AIM OF THE TASK | Return the data exactly, apart from leaving out the pictures.

DATA SECTION |
Start of Block

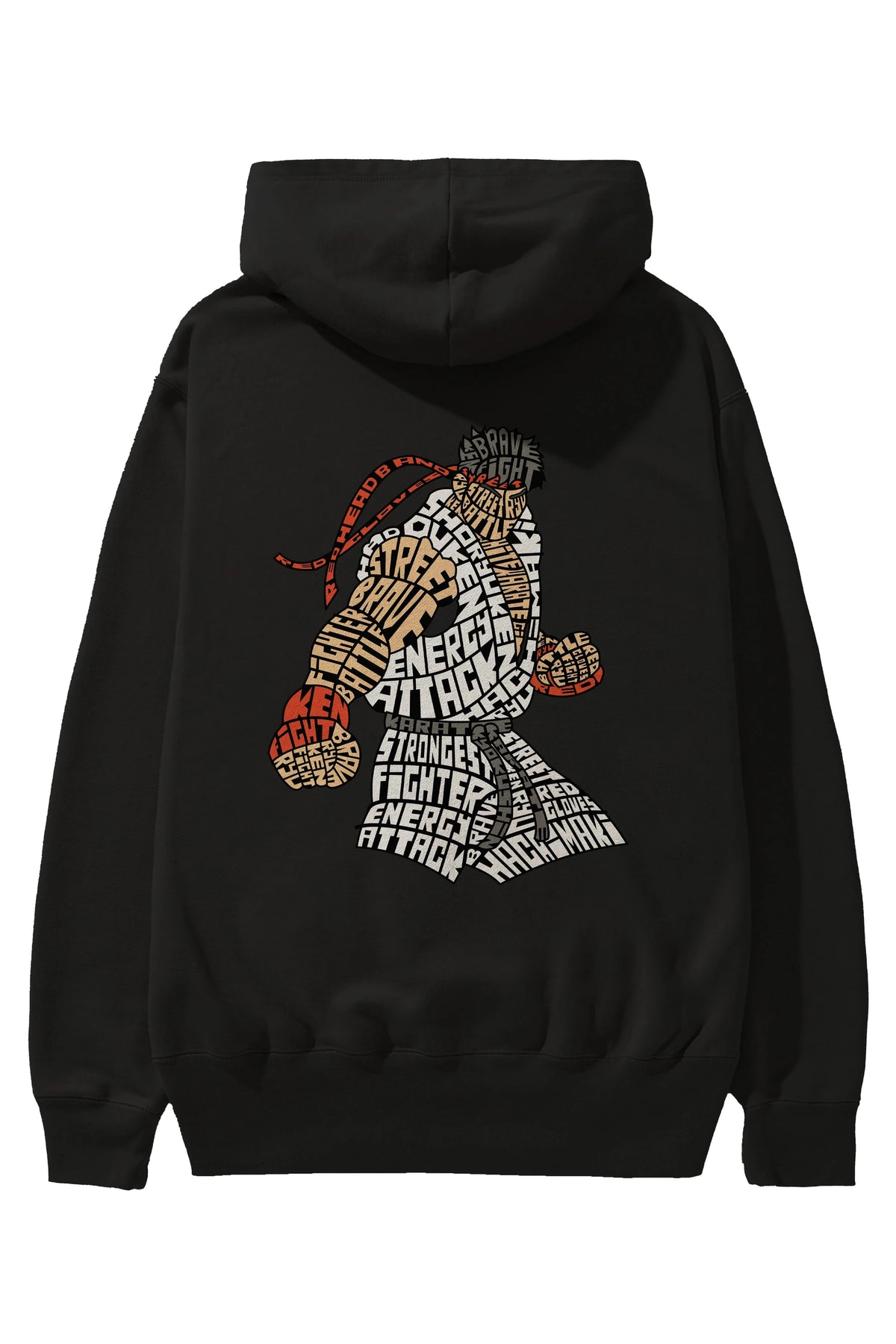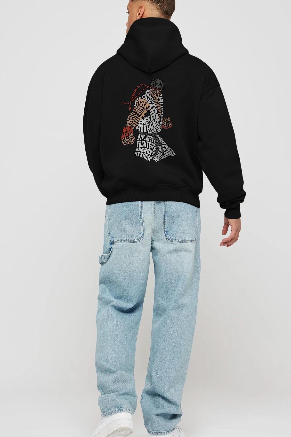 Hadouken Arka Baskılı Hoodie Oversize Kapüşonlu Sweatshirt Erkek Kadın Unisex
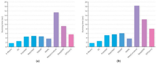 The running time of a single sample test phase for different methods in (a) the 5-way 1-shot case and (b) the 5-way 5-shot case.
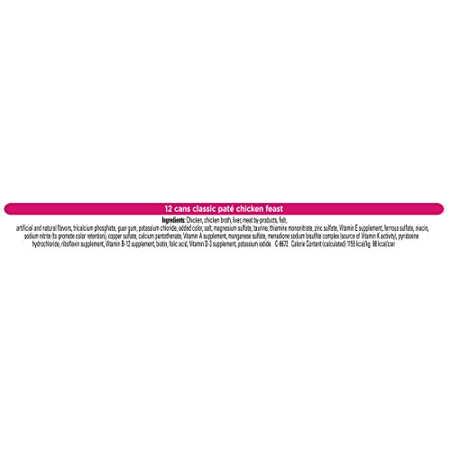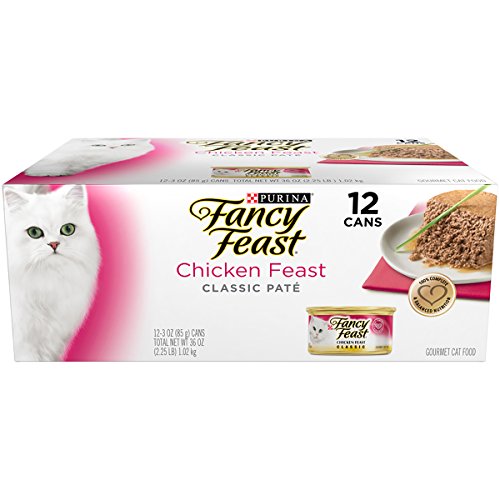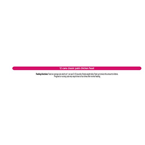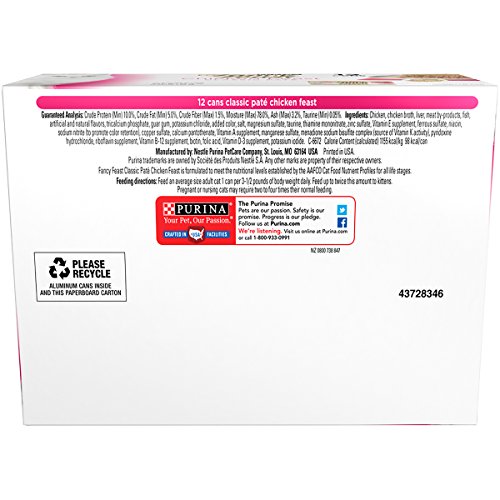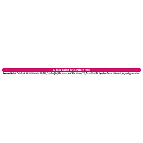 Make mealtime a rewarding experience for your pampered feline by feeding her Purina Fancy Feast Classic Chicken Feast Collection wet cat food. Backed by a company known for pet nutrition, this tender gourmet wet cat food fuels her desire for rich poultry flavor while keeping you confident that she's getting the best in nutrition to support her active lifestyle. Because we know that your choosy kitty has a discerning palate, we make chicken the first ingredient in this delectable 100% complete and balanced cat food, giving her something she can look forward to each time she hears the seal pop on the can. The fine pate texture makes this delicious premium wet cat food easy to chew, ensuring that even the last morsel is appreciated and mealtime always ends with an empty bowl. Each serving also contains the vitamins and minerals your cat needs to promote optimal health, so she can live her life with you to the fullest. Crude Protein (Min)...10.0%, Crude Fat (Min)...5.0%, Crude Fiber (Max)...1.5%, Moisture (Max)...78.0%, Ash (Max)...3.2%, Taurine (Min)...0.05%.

End of Block

EXERCISE SOLUTION |
 Hadouken Arka Baskılı Hoodie Oversize Kapüşonlu Sweatshirt Erkek Kadın Unisex
 The running time of a single sample test phase for different methods in (a) the 5-way 1-shot case and (b) the 5-way 5-shot case.
 Make mealtime a rewarding experience for your pampered feline by feeding her Purina Fancy Feast Classic Chicken Feast Collection wet cat food. Backed by a company known for pet nutrition, this tender gourmet wet cat food fuels her desire for rich poultry flavor while keeping you confident that she's getting the best in nutrition to support her active lifestyle. Because we know that your choosy kitty has a discerning palate, we make chicken the first ingredient in this delectable 100% complete and balanced cat food, giving her something she can look forward to each time she hears the seal pop on the can. The fine pate texture makes this delicious premium wet cat food easy to chew, ensuring that even the last morsel is appreciated and mealtime always ends with an empty bowl. Each serving also contains the vitamins and minerals your cat needs to promote optimal health, so she can live her life with you to the fullest. Crude Protein (Min)...10.0%, Crude Fat (Min)...5.0%, Crude Fiber (Max)...1.5%, Moisture (Max)...78.0%, Ash (Max)...3.2%, Taurine (Min)...0.05%.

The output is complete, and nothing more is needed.